[Task details] Retype the data below verbatim; pictures do not belong in the copy.

[Record set]
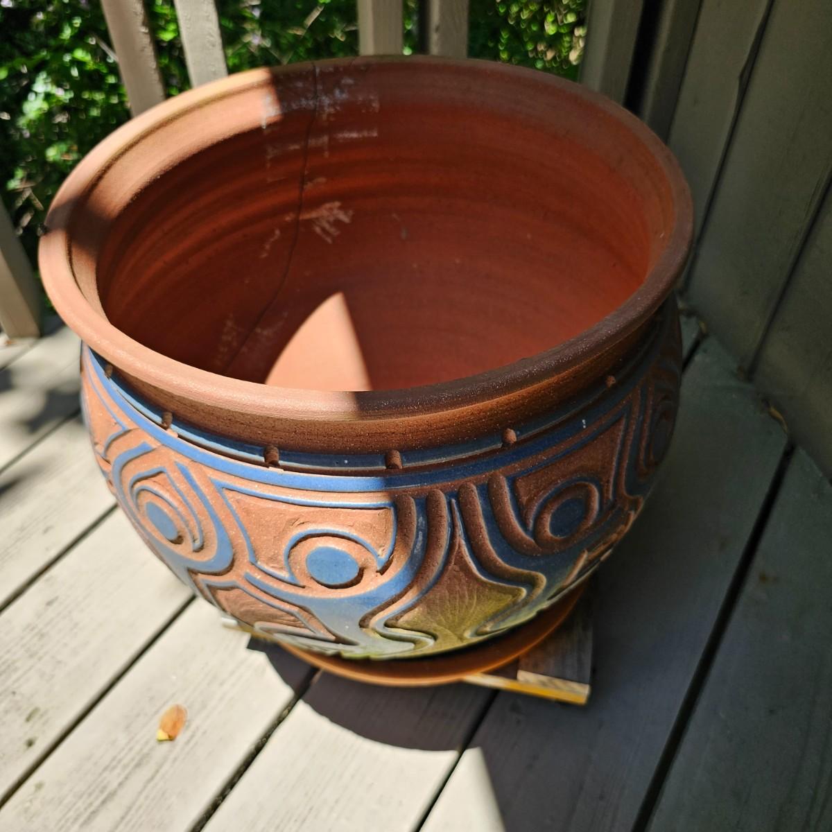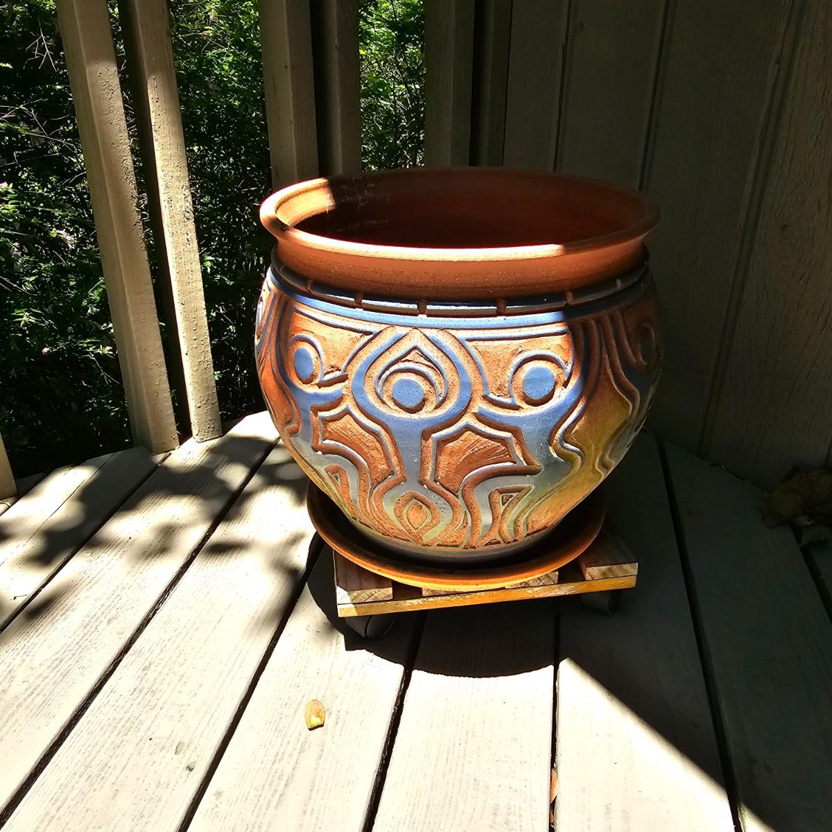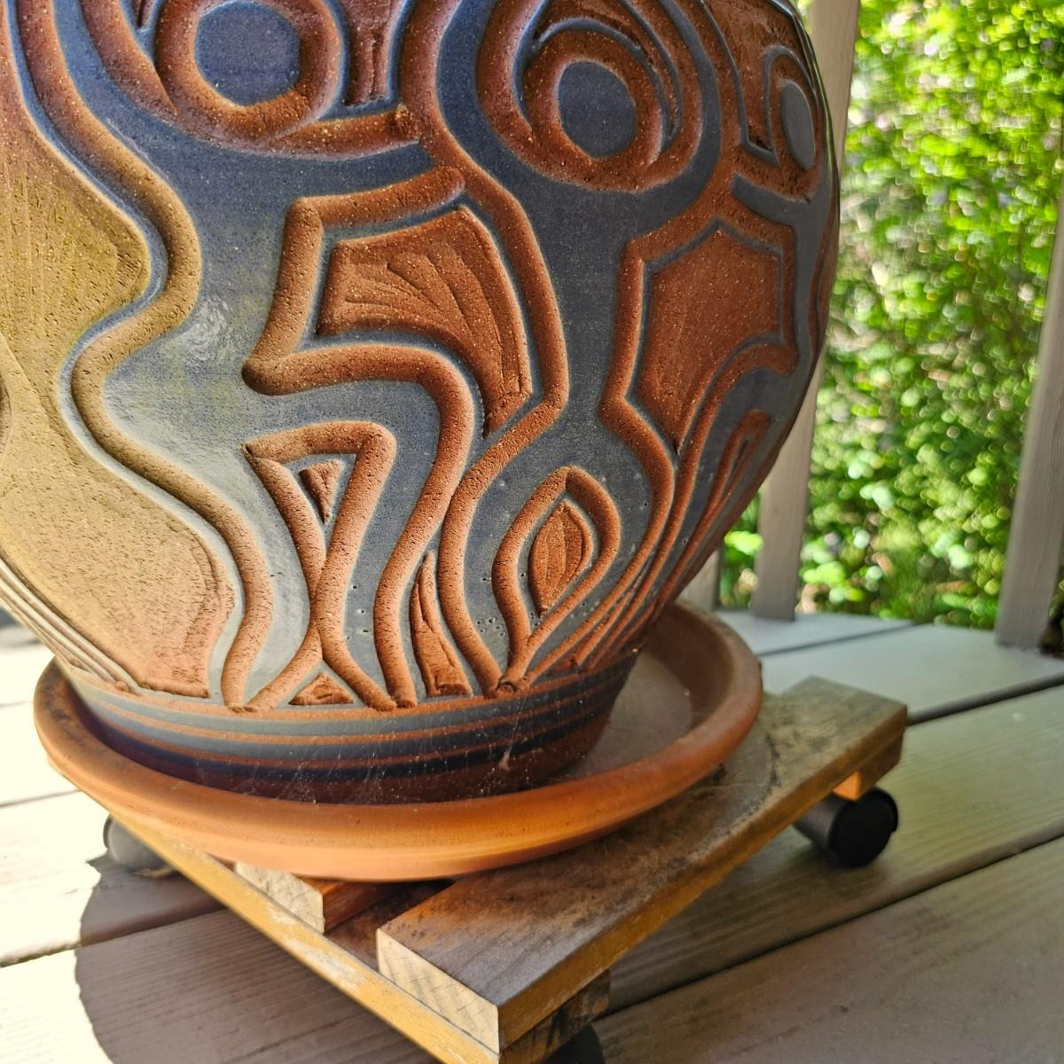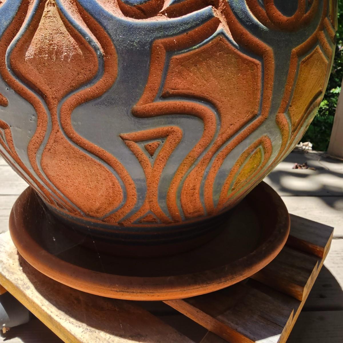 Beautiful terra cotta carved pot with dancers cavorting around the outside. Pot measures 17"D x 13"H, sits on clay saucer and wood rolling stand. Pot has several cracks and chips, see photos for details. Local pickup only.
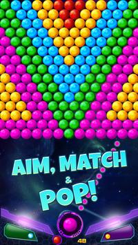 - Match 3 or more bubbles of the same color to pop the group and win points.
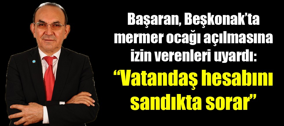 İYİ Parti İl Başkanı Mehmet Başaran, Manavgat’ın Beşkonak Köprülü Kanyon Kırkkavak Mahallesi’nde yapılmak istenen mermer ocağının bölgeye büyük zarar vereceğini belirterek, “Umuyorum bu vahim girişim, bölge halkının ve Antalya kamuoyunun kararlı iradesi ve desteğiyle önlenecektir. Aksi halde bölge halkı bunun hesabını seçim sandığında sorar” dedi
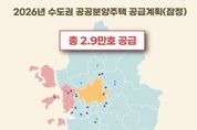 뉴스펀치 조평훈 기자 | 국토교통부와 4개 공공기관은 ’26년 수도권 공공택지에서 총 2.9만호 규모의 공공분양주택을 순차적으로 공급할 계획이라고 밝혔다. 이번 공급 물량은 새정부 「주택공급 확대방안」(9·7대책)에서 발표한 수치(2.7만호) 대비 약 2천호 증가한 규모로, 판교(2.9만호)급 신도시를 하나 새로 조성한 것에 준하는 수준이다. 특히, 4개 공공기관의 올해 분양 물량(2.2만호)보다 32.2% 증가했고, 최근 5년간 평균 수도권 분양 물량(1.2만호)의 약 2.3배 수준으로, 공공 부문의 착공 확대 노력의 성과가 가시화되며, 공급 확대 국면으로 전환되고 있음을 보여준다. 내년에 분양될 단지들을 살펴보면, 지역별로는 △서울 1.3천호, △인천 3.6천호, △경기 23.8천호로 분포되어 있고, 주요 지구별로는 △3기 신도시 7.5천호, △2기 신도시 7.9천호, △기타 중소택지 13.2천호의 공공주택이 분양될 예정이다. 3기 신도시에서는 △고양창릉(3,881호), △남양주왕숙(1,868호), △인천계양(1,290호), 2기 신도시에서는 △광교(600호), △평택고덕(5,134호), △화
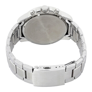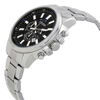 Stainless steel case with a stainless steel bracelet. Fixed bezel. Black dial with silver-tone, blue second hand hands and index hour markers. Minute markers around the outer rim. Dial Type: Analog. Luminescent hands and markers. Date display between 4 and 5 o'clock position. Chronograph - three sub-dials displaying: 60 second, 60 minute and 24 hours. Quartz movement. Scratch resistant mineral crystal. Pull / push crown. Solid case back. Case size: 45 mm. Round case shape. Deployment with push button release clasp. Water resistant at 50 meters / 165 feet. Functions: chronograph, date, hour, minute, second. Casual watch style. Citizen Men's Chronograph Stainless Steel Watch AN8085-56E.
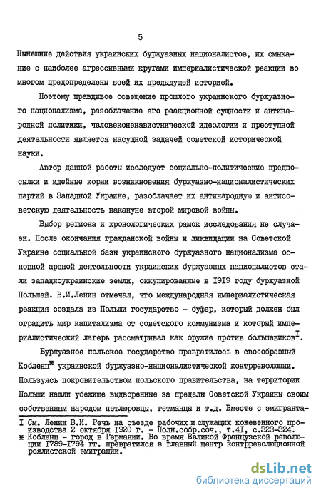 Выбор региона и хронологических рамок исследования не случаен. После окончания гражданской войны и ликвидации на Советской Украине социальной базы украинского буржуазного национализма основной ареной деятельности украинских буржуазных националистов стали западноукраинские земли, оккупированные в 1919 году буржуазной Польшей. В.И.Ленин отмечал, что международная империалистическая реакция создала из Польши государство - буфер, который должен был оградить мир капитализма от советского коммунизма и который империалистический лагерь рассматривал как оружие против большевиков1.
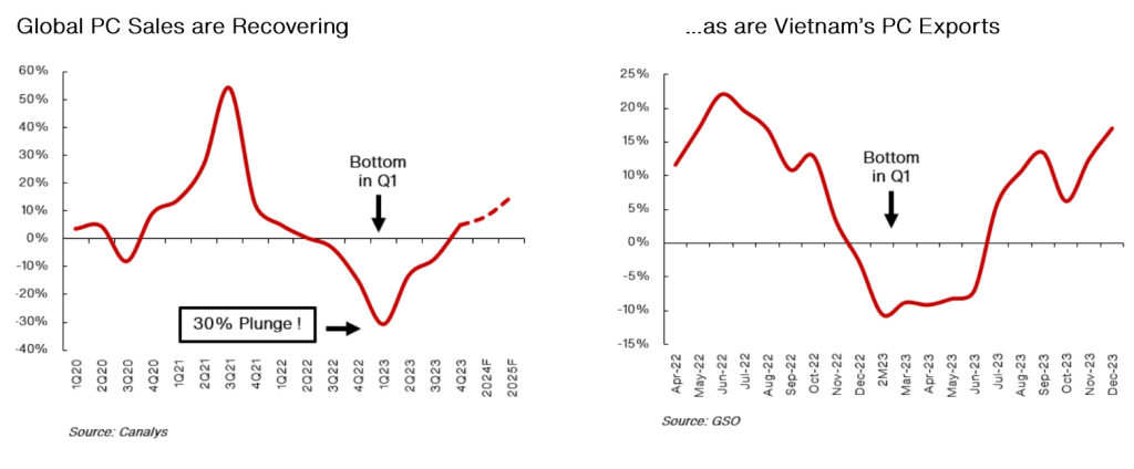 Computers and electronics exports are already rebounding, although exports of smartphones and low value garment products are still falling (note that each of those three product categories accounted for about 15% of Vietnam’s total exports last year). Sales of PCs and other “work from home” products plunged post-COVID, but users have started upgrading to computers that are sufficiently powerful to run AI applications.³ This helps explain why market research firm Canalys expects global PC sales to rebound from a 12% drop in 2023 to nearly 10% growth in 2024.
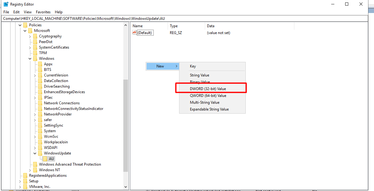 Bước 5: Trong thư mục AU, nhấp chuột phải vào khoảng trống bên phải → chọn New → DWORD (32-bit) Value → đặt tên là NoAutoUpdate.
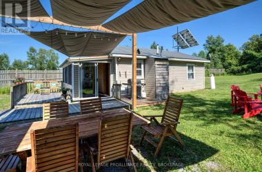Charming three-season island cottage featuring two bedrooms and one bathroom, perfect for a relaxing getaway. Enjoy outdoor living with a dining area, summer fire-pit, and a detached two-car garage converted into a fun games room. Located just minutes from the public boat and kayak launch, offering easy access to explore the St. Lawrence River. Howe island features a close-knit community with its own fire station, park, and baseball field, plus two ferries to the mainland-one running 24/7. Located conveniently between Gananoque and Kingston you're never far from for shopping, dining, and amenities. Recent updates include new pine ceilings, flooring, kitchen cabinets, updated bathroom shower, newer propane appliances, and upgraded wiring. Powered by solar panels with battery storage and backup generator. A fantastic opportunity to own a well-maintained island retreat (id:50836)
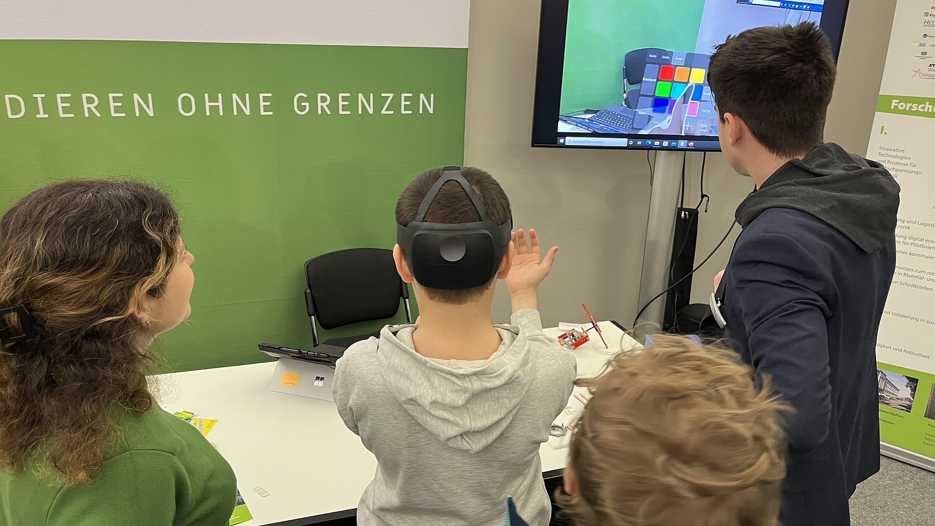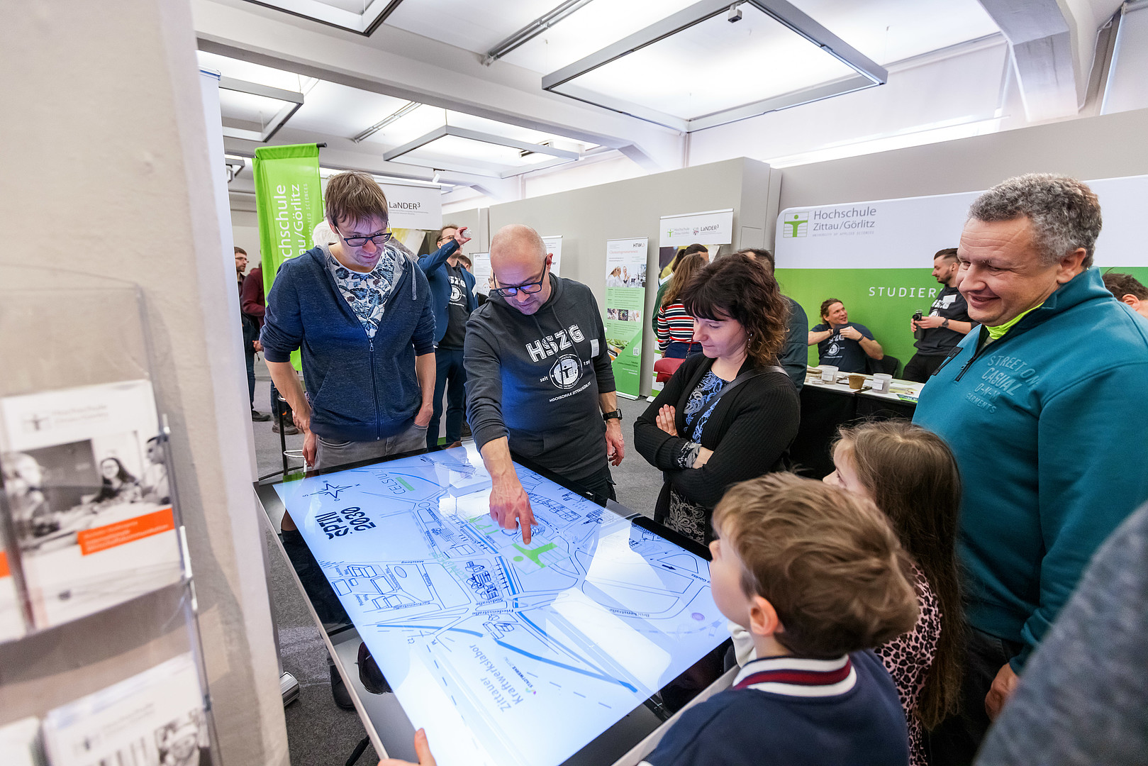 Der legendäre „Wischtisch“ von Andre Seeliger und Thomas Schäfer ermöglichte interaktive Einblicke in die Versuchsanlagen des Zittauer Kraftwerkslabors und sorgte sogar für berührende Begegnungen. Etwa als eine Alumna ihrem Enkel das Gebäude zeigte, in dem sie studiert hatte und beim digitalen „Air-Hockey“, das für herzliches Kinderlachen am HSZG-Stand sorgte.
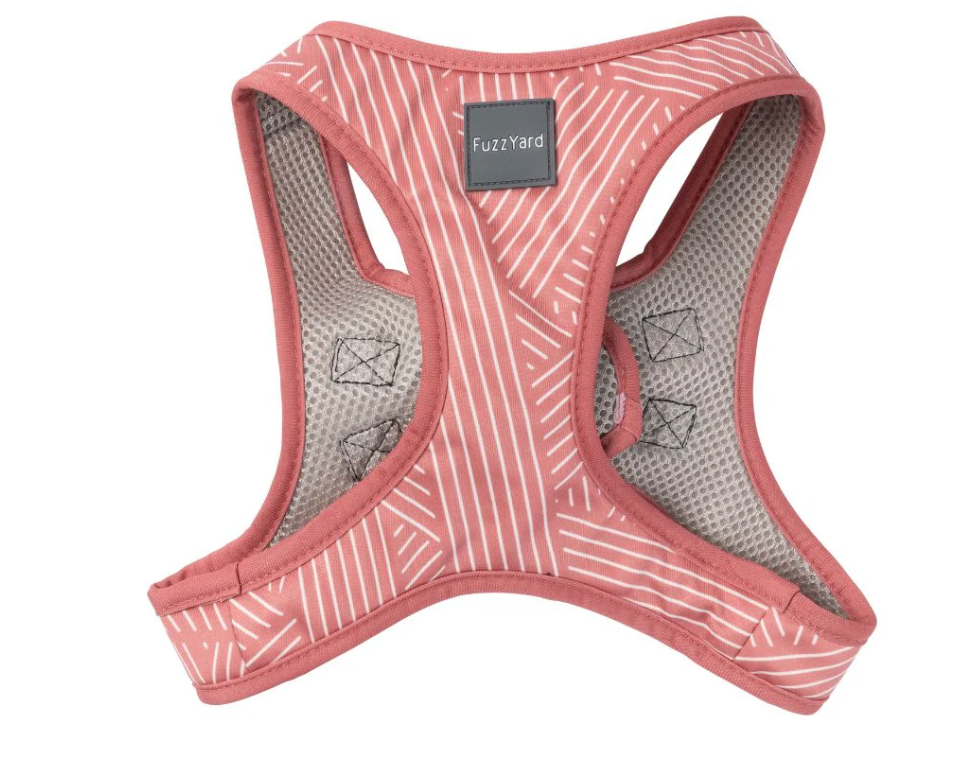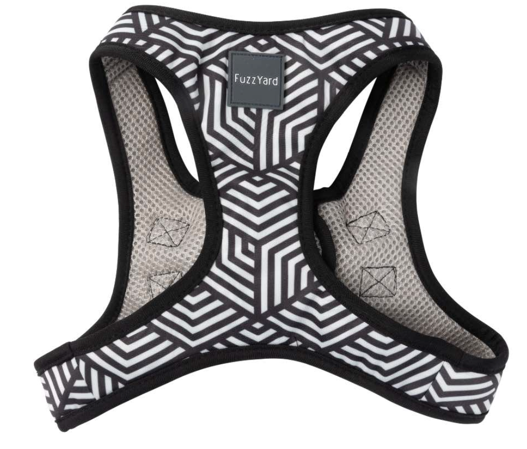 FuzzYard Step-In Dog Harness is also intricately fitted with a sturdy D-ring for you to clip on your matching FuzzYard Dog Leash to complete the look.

[Expected answer]
 Beautiful terra cotta carved pot with dancers cavorting around the outside. Pot measures 17"D x 13"H, sits on clay saucer and wood rolling stand. Pot has several cracks and chips, see photos for details. Local pickup only.
 - Match 3 or more bubbles of the same color to pop the group and win points.
 İYİ Parti İl Başkanı Mehmet Başaran, Manavgat’ın Beşkonak Köprülü Kanyon Kırkkavak Mahallesi’nde yapılmak istenen mermer ocağının bölgeye büyük zarar vereceğini belirterek, “Umuyorum bu vahim girişim, bölge halkının ve Antalya kamuoyunun kararlı iradesi ve desteğiyle önlenecektir. Aksi halde bölge halkı bunun hesabını seçim sandığında sorar” dedi
 뉴스펀치 조평훈 기자 | 국토교통부와 4개 공공기관은 ’26년 수도권 공공택지에서 총 2.9만호 규모의 공공분양주택을 순차적으로 공급할 계획이라고 밝혔다. 이번 공급 물량은 새정부 「주택공급 확대방안」(9·7대책)에서 발표한 수치(2.7만호) 대비 약 2천호 증가한 규모로, 판교(2.9만호)급 신도시를 하나 새로 조성한 것에 준하는 수준이다. 특히, 4개 공공기관의 올해 분양 물량(2.2만호)보다 32.2% 증가했고, 최근 5년간 평균 수도권 분양 물량(1.2만호)의 약 2.3배 수준으로, 공공 부문의 착공 확대 노력의 성과가 가시화되며, 공급 확대 국면으로 전환되고 있음을 보여준다. 내년에 분양될 단지들을 살펴보면, 지역별로는 △서울 1.3천호, △인천 3.6천호, △경기 23.8천호로 분포되어 있고, 주요 지구별로는 △3기 신도시 7.5천호, △2기 신도시 7.9천호, △기타 중소택지 13.2천호의 공공주택이 분양될 예정이다. 3기 신도시에서는 △고양창릉(3,881호), △남양주왕숙(1,868호), △인천계양(1,290호), 2기 신도시에서는 △광교(600호), △평택고덕(5,134호), △화
 Stainless steel case with a stainless steel bracelet. Fixed bezel. Black dial with silver-tone, blue second hand hands and index hour markers. Minute markers around the outer rim. Dial Type: Analog. Luminescent hands and markers. Date display between 4 and 5 o'clock position. Chronograph - three sub-dials displaying: 60 second, 60 minute and 24 hours. Quartz movement. Scratch resistant mineral crystal. Pull / push crown. Solid case back. Case size: 45 mm. Round case shape. Deployment with push button release clasp. Water resistant at 50 meters / 165 feet. Functions: chronograph, date, hour, minute, second. Casual watch style. Citizen Men's Chronograph Stainless Steel Watch AN8085-56E.
 Выбор региона и хронологических рамок исследования не случаен. После окончания гражданской войны и ликвидации на Советской Украине социальной базы украинского буржуазного национализма основной ареной деятельности украинских буржуазных националистов стали западноукраинские земли, оккупированные в 1919 году буржуазной Польшей. В.И.Ленин отмечал, что международная империалистическая реакция создала из Польши государство - буфер, который должен был оградить мир капитализма от советского коммунизма и который империалистический лагерь рассматривал как оружие против большевиков1.
 Computers and electronics exports are already rebounding, although exports of smartphones and low value garment products are still falling (note that each of those three product categories accounted for about 15% of Vietnam’s total exports last year). Sales of PCs and other “work from home” products plunged post-COVID, but users have started upgrading to computers that are sufficiently powerful to run AI applications.³ This helps explain why market research firm Canalys expects global PC sales to rebound from a 12% drop in 2023 to nearly 10% growth in 2024.
 Bước 5: Trong thư mục AU, nhấp chuột phải vào khoảng trống bên phải → chọn New → DWORD (32-bit) Value → đặt tên là NoAutoUpdate.
Charming three-season island cottage featuring two bedrooms and one bathroom, perfect for a relaxing getaway. Enjoy outdoor living with a dining area, summer fire-pit, and a detached two-car garage converted into a fun games room. Located just minutes from the public boat and kayak launch, offering easy access to explore the St. Lawrence River. Howe island features a close-knit community with its own fire station, park, and baseball field, plus two ferries to the mainland-one running 24/7. Located conveniently between Gananoque and Kingston you're never far from for shopping, dining, and amenities. Recent updates include new pine ceilings, flooring, kitchen cabinets, updated bathroom shower, newer propane appliances, and upgraded wiring. Powered by solar panels with battery storage and backup generator. A fantastic opportunity to own a well-maintained island retreat (id:50836)
 Der legendäre „Wischtisch“ von Andre Seeliger und Thomas Schäfer ermöglichte interaktive Einblicke in die Versuchsanlagen des Zittauer Kraftwerkslabors und sorgte sogar für berührende Begegnungen. Etwa als eine Alumna ihrem Enkel das Gebäude zeigte, in dem sie studiert hatte und beim digitalen „Air-Hockey“, das für herzliches Kinderlachen am HSZG-Stand sorgte.
 FuzzYard Step-In Dog Harness is also intricately fitted with a sturdy D-ring for you to clip on your matching FuzzYard Dog Leash to complete the look.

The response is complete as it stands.